De lo expuesto con anterioridad podemos sumarnos a la siguiente apreciación de Román Gubern, que sin duda trata de reivindicar el papel de la percepción visual en el género humano, considerándola como antecedente ontogenético del lenguaje:
No obstante, y a falta de verificaciones empíricas, no resulta científicamente arriesgado suponer que la imagen mental o endoimagen precedió al invento de la palabra articulada en el proceso evolutivo de la hominización, tal como les ocurre a nuestros bebés. El hombre pudo soñar con imágenes antes de poder hablar y Pavlov observó al respecto que la compleja comunicación verbal, o segundo sistema de señales… tiende a inhibirse en la corteza cerebral durante el sueño, por ser de formación histórica reciente y por ello poco estable, para dar paso a la asociación de imágenes visuales, la forma más primaria, arraigada y estable de percepción y de comunicación del ser humano con su entorno. Ya que no la producción material de imágenes, la iconicidad como categoría gnósica precedió filogenéticamente y ontogenéticamente a la verbalidad… (Gubern, 1987, pág. 49)
¿Es definitiva nuestra opinión de que la imagen es anterior al lenguaje? Aunque creemos que la imagen constituye el sístole y el diástole del corazón del mundo, lo que como ente antepredicativo lo hace existir, pues su materia es exterior al sujeto cognoscente y por lo tanto figurativa, debemos de ser cuidadosos y establecer ciertos ajustes a nuestro discurso.
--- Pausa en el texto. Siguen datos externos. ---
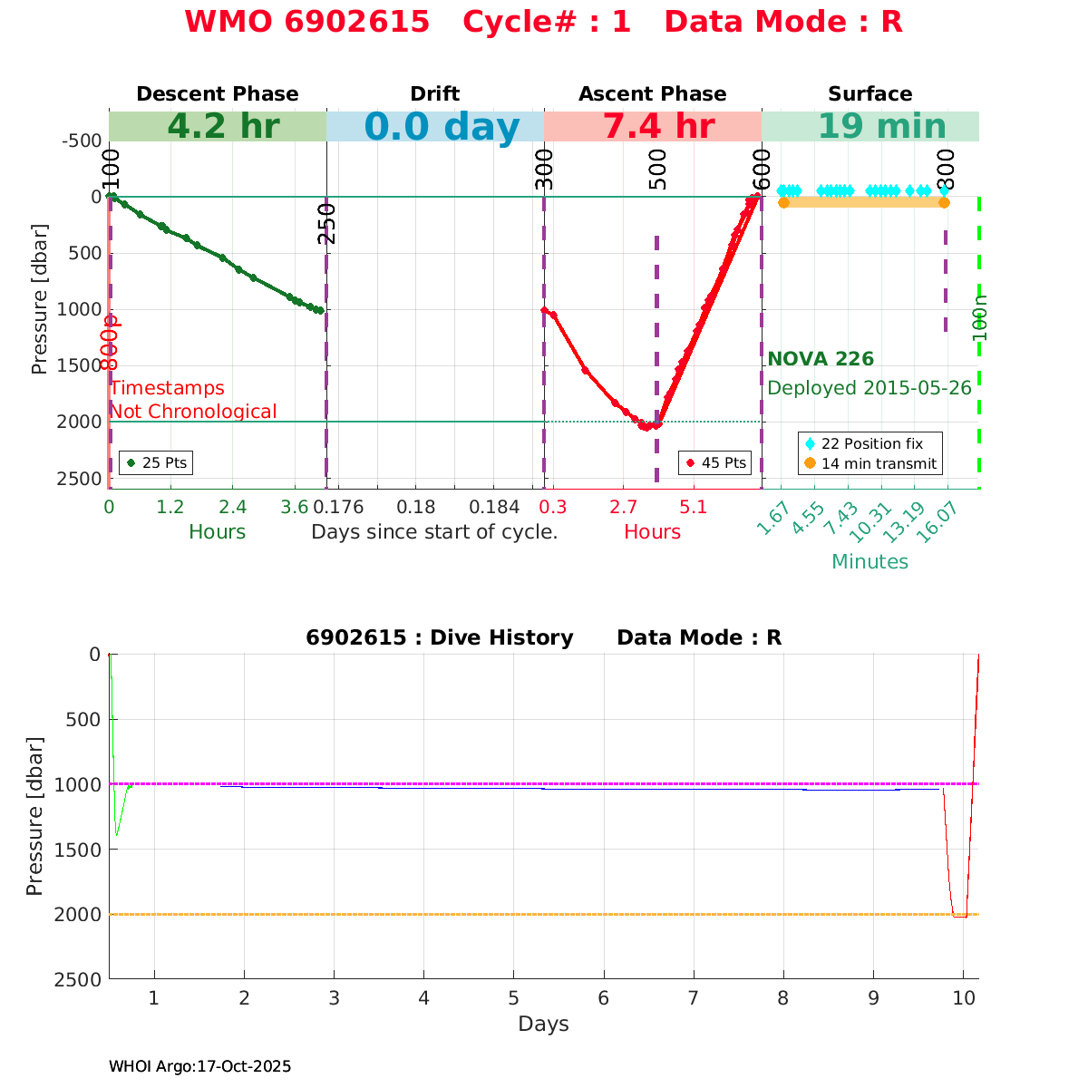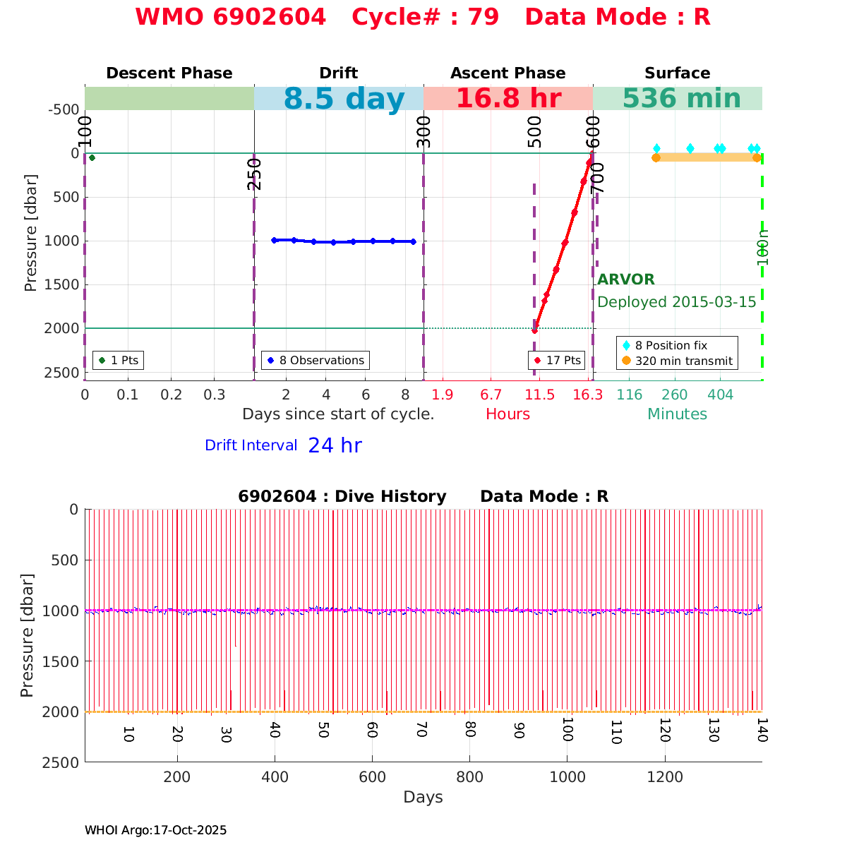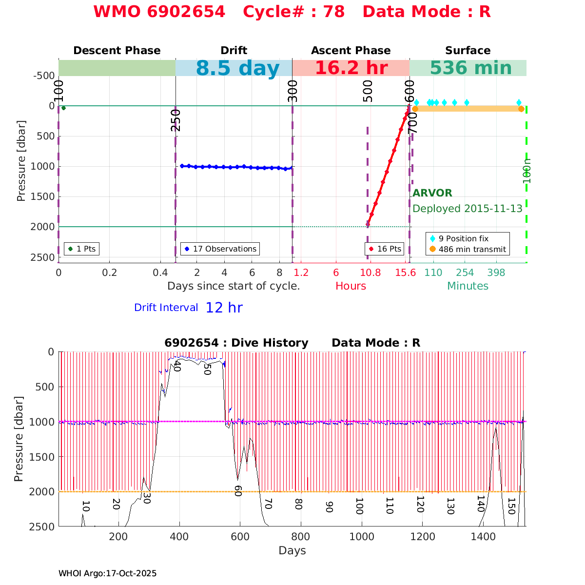 | WMO: #6902631 DAC: coriolis PI: Birgit KLEIN ARVOR: # FLOATCLOCK: # KISTLER: #4669412 SBE41CP_V2: #7348 Altimeter Comparison (IFREMER) EuroArgo Link | ![]() |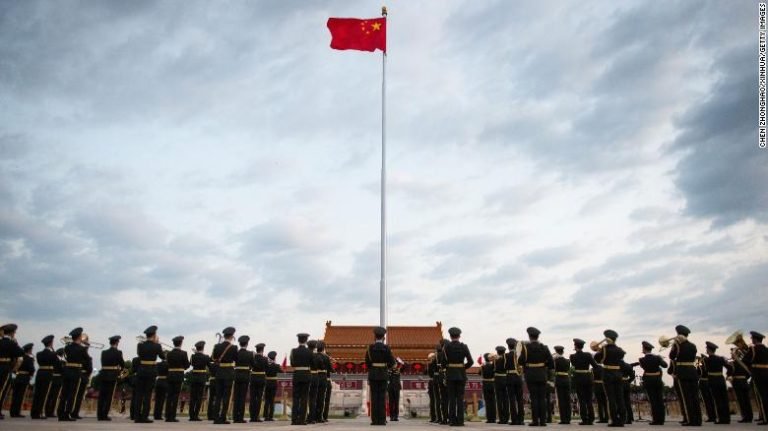 A flag-raising ceremony to celebrate the 72nd anniversary of the founding of the People’s Republic of China is held in...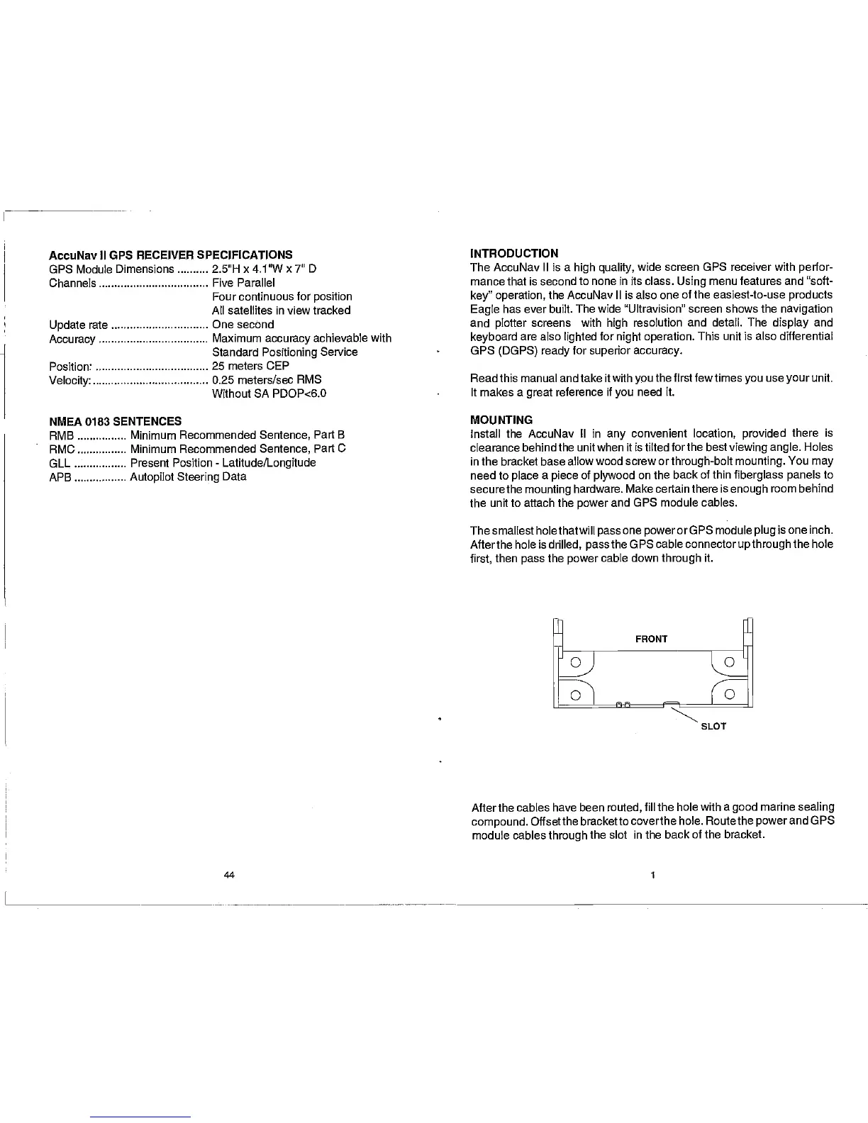 AccuNav II GPS RECEIVER SPECIFICATIONS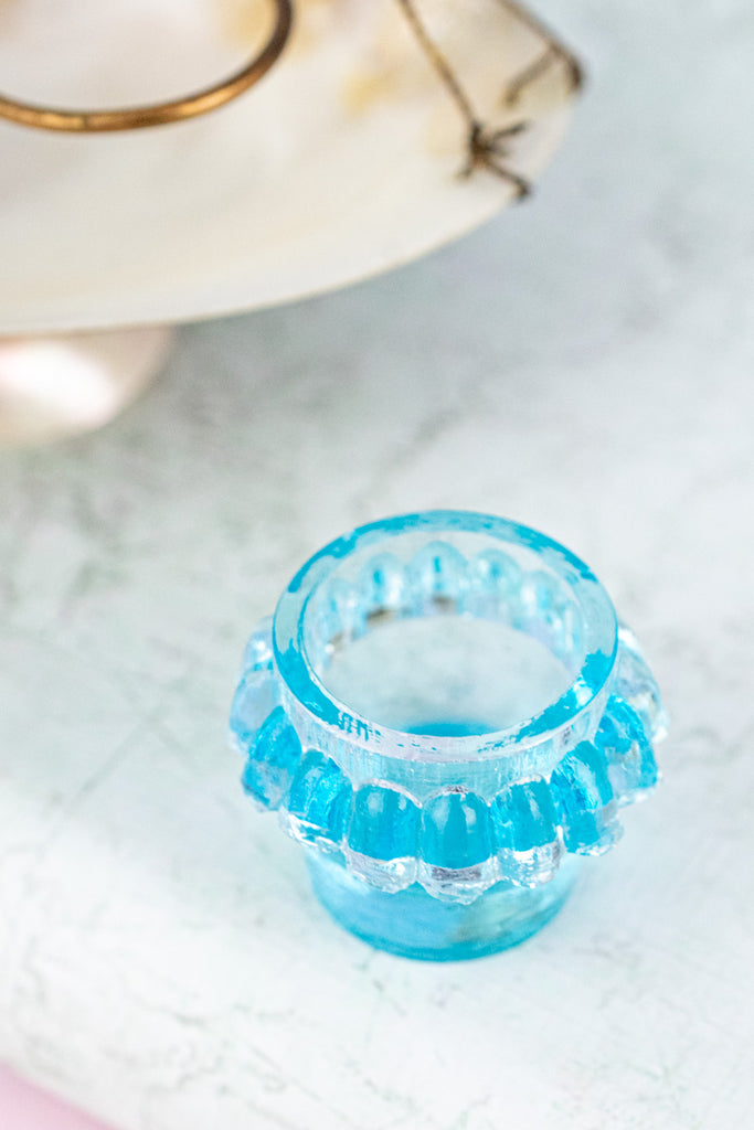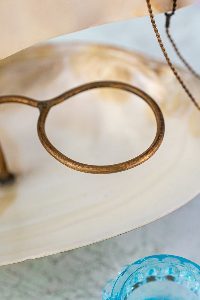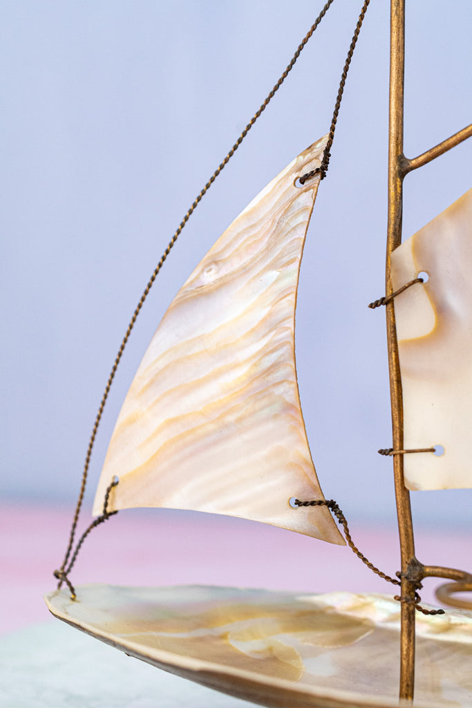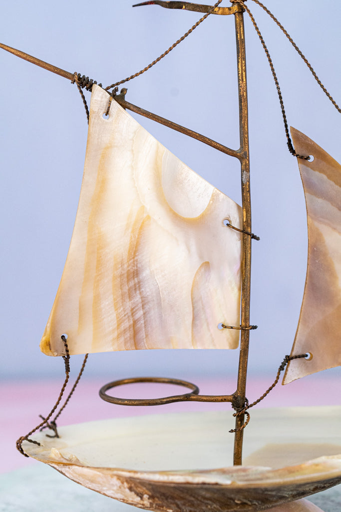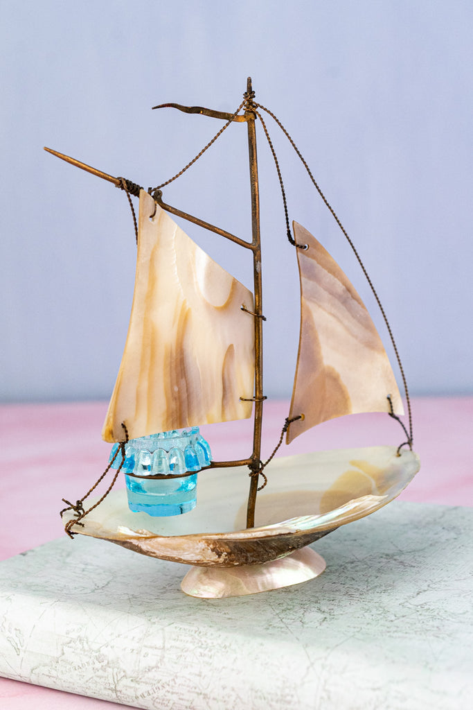 Balanced upon a delicate and shimmering irridescent base, this Antique French Souvenir Mother-of-Pearl Salier was one of the team's favorite finds during our recent visit to the autumn markets of Paris. Artfully crafted from carved mother-of-pearl with delicate brass appointments, the stunning effect is that of a ship at full sail. Set upon the boat's seashell-fashioned deck - a diminutive glass salt cellar the color of soft ocean waves reflected in the sunlight.

Una vez discutido el problema de la representación, y vuelta la atención al ojo y su mirada, y por lo tanto a las imágenes que hasta ella llegan, tendremos que decir que aún cuando nuestra posición epistemológica se ha encaminado a una apología de lo visual como generador de conocimiento no desconocemos la necesidad de matizar los argumentos en búsqueda de un equilibrio conceptual opuesto a la muy difundida costumbre intelectual de tratar de establecer categorías. Es por eso que suscribimos las palabras de Catalá cuando este advierte que “es importante, sin embargo, alejarse de las dicotomías fáciles, como las que contraponen el lenguaje a la imagen, o el espacio al tiempo. En la situación en que nos encontramos los fenómenos tienen una calidad espacio-temporal y visio-lingüística” (Catalá, 2010, p. 85). Por supuesto estas palabras se dirigen a nuestra época contemporánea donde, a pesar de que la imagen ha invadido la vida pública y privada para erigirse como fuerza centrífuga emotiva e intelectual que precede al razonamiento lingüístico, nuestra mirada sigue influida por la herencia verbocentrista de una civilización muchas veces reacia hacia el poder sugestivo de la imagen, así como por los demás sentidos y cada uno de sus desprendimientos fenoménicos y cognoscitivos. En torno a la segunda de las influencias, en un estudio minucioso que realiza el francés Michel Chion en torno a las relaciones que la visión y el oído (la imagen y el sonido) establecen en la construcción de la diégesis cinematográfica, nos explica lo siguiente:
El ojo, por ejemplo, aporta informaciones y sensaciones de las cuales sólo algunas pueden considerarse como propia e irreductiblemente visuales (por ejemplo, el color), no siendo las demás sino transensoriales. De igual modo, el oído vehicula informaciones y sensaciones de las cuales sólo algunas son específicamente auditivas (por ejemplo, la altura y las relaciones de intervalos), siendo las demás, como para el ojo, no específicas de este sentido. Sin embargo –insistimos mucho sobre esto– la transensorialidad nada tiene que ver con lo que podría llamarse una intersensorialidad, a saber, las famosas correspondencias entre los sentidos de las que hablaban Baudelaire, Rimbaud o Claudel. (Chion, 1993, p. 131)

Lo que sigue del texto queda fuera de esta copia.